Debnath Ujjwal K, Guha Abhijit R, Das Sreejib
Wrexham Maelor Hospital, Wrexham, North Wales, UK.
Indian J Orthop. 2011 Jul;45(4):341-6. doi: 10.4103/0019-5413.80322.
Displaced distal forearm fractures in children have been treated in above-elbow plaster casts since the last century. Cast index (CI) has been proposed as a measure to indicate how well the cast is molded to the contours of the forearm. In this study the CI in post-manipulation radiographs were analyzed to evaluate its relevance to re-angulation of distal forearm fractures in children in different age-groups.

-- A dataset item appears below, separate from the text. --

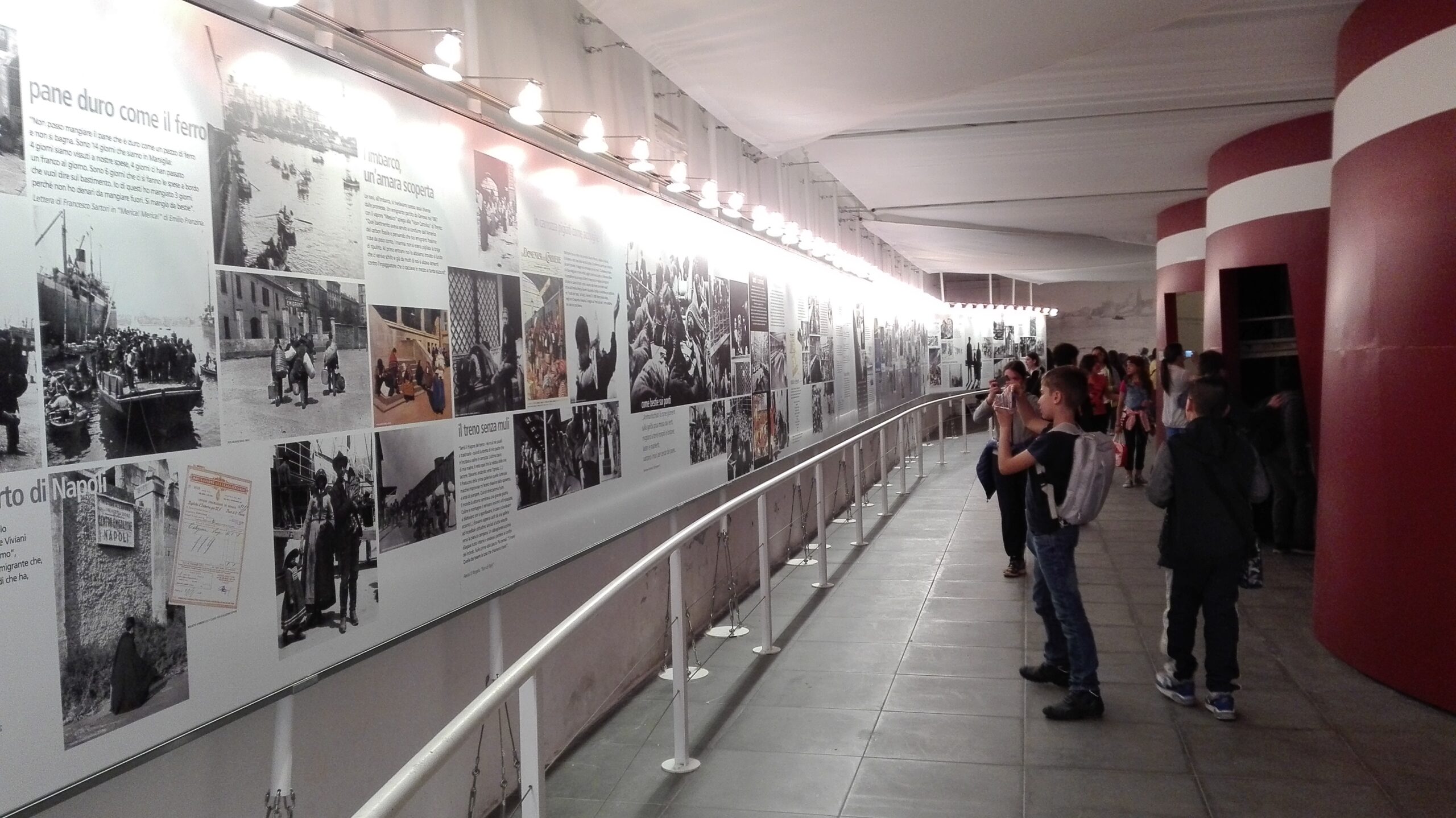 Quindi un percorso che offre ai visitatori uno spaccato della storia dell’emigrazione italiana a partire dalla ricostruzione di un ponte di un bastimento, simbolo stesso del grande esodo. In questo spazio sono esposti numerosi pannelli con fotografie, illustrazioni e copertine di vecchie riviste, poesie, statistiche e testimonianze letterarie che raccontano una storia lunga un secolo. Nato con l’obiettivo di far cogliere a tutti, soprattutto alle centinaia di studenti che ogni anno visitano il museo, un fenomeno che ha accompagnato la nostra storia ed ora ci vede nuovamente protagonisti nell’accoglienza, il museo ospita al suo interno tre fumaioli: il primo contiene una raccolta di video dell’Istituto Luce,; il secondo riproduce una cuccetta dell’epoca; Il terzo una collezione di centinaia di canzoni, colonna sonora del nostro esodo. Ancora le due maniche a vento ospitano un approfondimento su una famiglia di emigrati calabresi e la banca dati della Fondazione Agnelli con i nomi degli italiani sbarcati a New York, a Santos e a La Plata.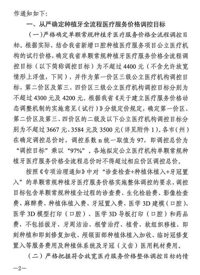 一、严格确定我市种植牙全流程医疗服务价格调控目标

Out of 174 consecutive cases treated during the study period, 156 patients (114 male and 42 female) with a mean age of 9.8 years (range: 2-15 years) were included in this retrospective radiographic analysis; 18 patients were excluded for various reasons. All patients were manipulated in the operation theater under general anesthesia and a molded above-elbow cast was applied. The CI was measured on immediate post-manipulation radiographs. Children were divided into three groups according to age: group 1: <5 years, group 2: 5-10 years, and group 3: >10 years.

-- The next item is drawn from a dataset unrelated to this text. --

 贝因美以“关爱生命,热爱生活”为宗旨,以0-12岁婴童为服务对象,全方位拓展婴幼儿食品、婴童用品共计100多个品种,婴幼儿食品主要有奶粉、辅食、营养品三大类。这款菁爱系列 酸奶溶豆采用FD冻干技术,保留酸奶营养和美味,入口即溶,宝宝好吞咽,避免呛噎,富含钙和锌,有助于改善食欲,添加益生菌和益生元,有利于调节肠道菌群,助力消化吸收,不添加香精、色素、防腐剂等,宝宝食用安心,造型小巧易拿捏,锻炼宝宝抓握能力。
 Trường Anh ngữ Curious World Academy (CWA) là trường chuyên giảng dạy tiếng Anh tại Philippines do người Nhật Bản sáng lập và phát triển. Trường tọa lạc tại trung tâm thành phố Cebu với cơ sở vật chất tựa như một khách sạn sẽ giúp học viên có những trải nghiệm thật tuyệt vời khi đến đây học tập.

Angulation of the fracture within the original plaster cast occurred in 30 patients (19.2%): 22/114 males and 8/42 females. The mean CI in these 30 patients who required a second procedure was 0.92±0.08, which was significantly more than the mean CI in the other children (0.77±0.07) (P<.001). The mean CI in children who underwent re-manipulation in the group 1 was 0.96, which was significantly higher than that of the other two groups, i.e., 0.90 in group 2 and 0.88 in group 3 (P<.05). A receiver operating characteristics (ROC) curve estimated the cutoff point for intraoperative CI of 0.84 when both the sensitivity and specificity of CI was high to predict re-manipulation for re-displaced fractures of the distal forearm in children in any age-group.
The CI is a valuable tool to assess the quality of molding of the cast following closed manipulation of forearm fractures in children. A high CI (≥0.84) in post-manipulation radiographs indicates increased risk of re-displacement of the fracture in children, especially in those under the age of 5 years and over the age of 10 years.
自上世纪以来,儿童桡骨远端移位骨折一直采用长臂石膏管型治疗。石膏指数(CI)已被提议作为一种衡量石膏贴合前臂轮廓程度的指标。在本研究中,对手法复位后X线片上的CI进行分析,以评估其与不同年龄组儿童桡骨远端骨折再成角的相关性。
在研究期间连续治疗的174例病例中,156例患者(男114例,女42例)纳入本回顾性影像学分析,平均年龄9.8岁(范围:2 - 15岁);18例患者因各种原因被排除。所有患者均在手术室全身麻醉下进行手法复位,并应用塑形长臂石膏管型。在手法复位后即刻的X线片上测量CI。儿童根据年龄分为三组:1组:<5岁,2组:5 - 10岁,3组:>10岁。
30例患者(19.2%)在初次石膏管型固定后骨折发生再成角:男性22/114例,女性8/42例。这30例需要二次手术的患者的平均CI为0.92±0.08,显著高于其他儿童的平均CI(0.77±0.07)(P<0.001)。1组中接受再次手法复位的儿童的平均CI为0.96,显著高于其他两组,即2组为0.90,3组为0.88(P<0.05)。当CI的敏感性和特异性都较高时,受试者工作特征(ROC)曲线估计术中CI的截断点为0.84,以预测任何年龄组儿童桡骨远端骨折再移位的再次手法复位。
CI是评估儿童前臂骨折闭合复位后石膏塑形质量的有价值工具。手法复位后X线片上高CI(≥0.84)表明儿童骨折再移位风险增加,尤其是5岁以下和10岁以上儿童。